Yuka semakin terisak. "Aku ingin menghentikan semua ini. Nggak peduli aku harus mati, atau terluka. Aku ingin menghentikan ini," ujarnya dengan napas tersengal-sengal. Dia sesenggukan. Terlihat rapuh dan tidak berdaya di mata Ryu.

Bagaimana dia bisa menolak? Entah sejak kapan Yuka bisa menembus benteng pertahanannya. Ryu menyanggupinya asal Yuka mengikutsertakan dia dalam segala rencana. Tidak ada yang boleh ditutup-tutupi. Sedikit khawatir karena Yuka punya pemikiran tidak mudah ditebak.

Sampai saat ini, Ryu tidak bisa menebak apa rencana Yuka. Dia menggeser pintu hingga menimbulkan suara berdecit. Berjalan masuk dan menemukan tubuh mungil yang membelakanginya. "Kamu sudah datang?" tanya Yuka terlihat basa-basi.

Dia berbalik. Menyerahkan daftar tempat yang harus mereka kunjungi malam ini. Ya, malam ini. Yuka tidak mau membuang-buang waktu Apalagi tinggal sepuluh hari lagi bulan purnama terjadi. Yuka merasakan badannya mulai sakit setiap membuka mata.

Beberapakali juga Yuka hampir kehilangan kesadaran jika Aiko tidak mengingatkannya.

Ryu mengambil jadwal itu dengan kening berkerut. Tempat-tempat yang harus mereka kunjungi malam ini.

Hutan Mati tanpa ujung
Portal misterius.

Matanya Ryu melotot saat membaca tempat terakhir. Kertas yang dipegangnya hancur menjadi abu seketika. "Kamu serius mau masuk portal itu?" tanyanya memastikan.

Yuka mengangguk. "Untuk yang satu itu, aku akan pergi sendiri. Kamu tidak udah ikut."

"Kenapa tidak boleh?"tanyanya penasaran.
Yuka tersenyum miris. "Cukup banyak orang-orang yang berkorban demi aku.
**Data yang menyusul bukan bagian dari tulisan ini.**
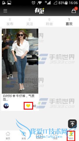 1)首先先打开有范,进去之后点击【我的】,接着在喜欢页面点击【心形】就可以了。(如下图)

Jangan nambah lagi," gumamnya masih menyalahkan diri sendiri.

Ryu berdecak. "Aku tidak melakukannya untukmu. Itu hakku kalau mau ikut," jawabnya sinis.
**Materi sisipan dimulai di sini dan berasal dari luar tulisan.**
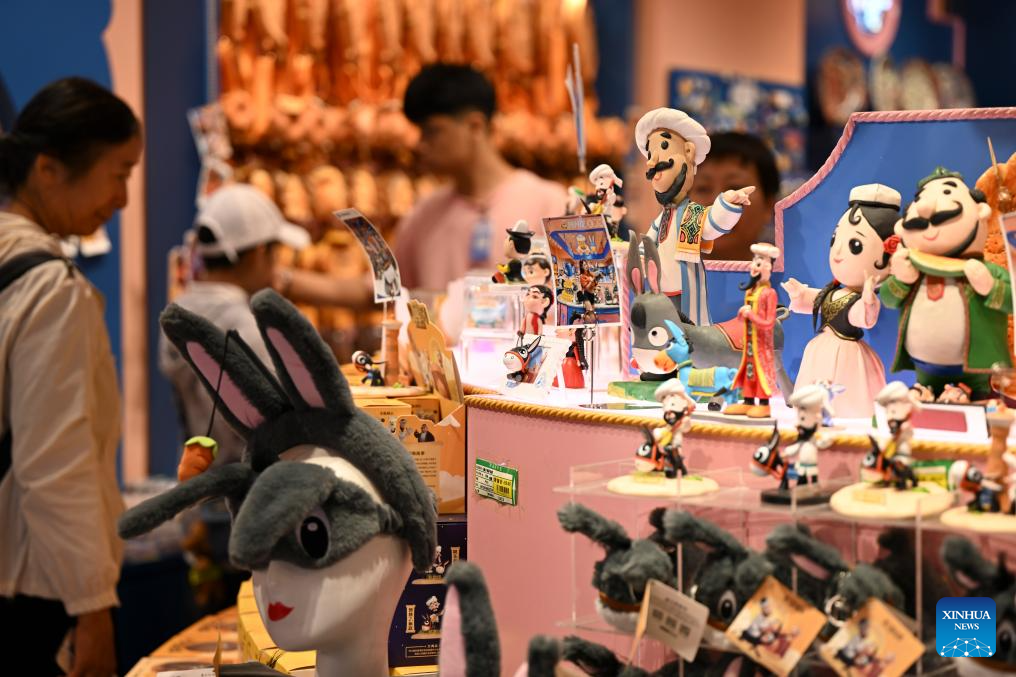 Tourists select cultural and creative products at the Grand Bazaar in Urumqi, northwest China's Xinjiang Uygur Autonomous Region, Aug. 21, 2025. Scenic areas across China have entered peak season for tourism. The Grand Bazaar receives an average of more than 200,000 daily tourists since July this year. (Xinhua/Wang Fei)

Yuka tersenyum manis padanya. Berbeda sekali dengan prediksi cowok berambut hitam itu, yang menyangka Yuka akan membalas ucapannya. Padahal, dia hanya bercanda tadi.
"Aku melarangmu," ujar Yuka seraya memejamkan matanya.

Ryu menggaruk pelipisnya. "Aku bercanda waktu bilang nggak ngelakuinnya untuk kamu."

Mata Yuka terbuka lebar. Dia menatap siluet Ryu yang bersinar meski kegelapan menyelimuti mereka. Ada rasa hangat yang menjalar saat tatapan lembut itu beradu dengannya.

"Aku rela berkorban. Jadi, kamu harus selalu sama aku."

Kenapa terdengar sangat manis di telinga Yuka? "Dasar kurang ajar," maki Yuka tidak benar-benar serius. Senyumnya terbit tanpa bisa dicegah. Jantungnya berdegup kencang lagi saat Ryu mengacak-acak rambut Yuka.

Ryu tersenyum simpul. "Jadi, bagaimana cara kita ke hutan mati," ujarnya menyadarkan Yuka dalam ketersimaan.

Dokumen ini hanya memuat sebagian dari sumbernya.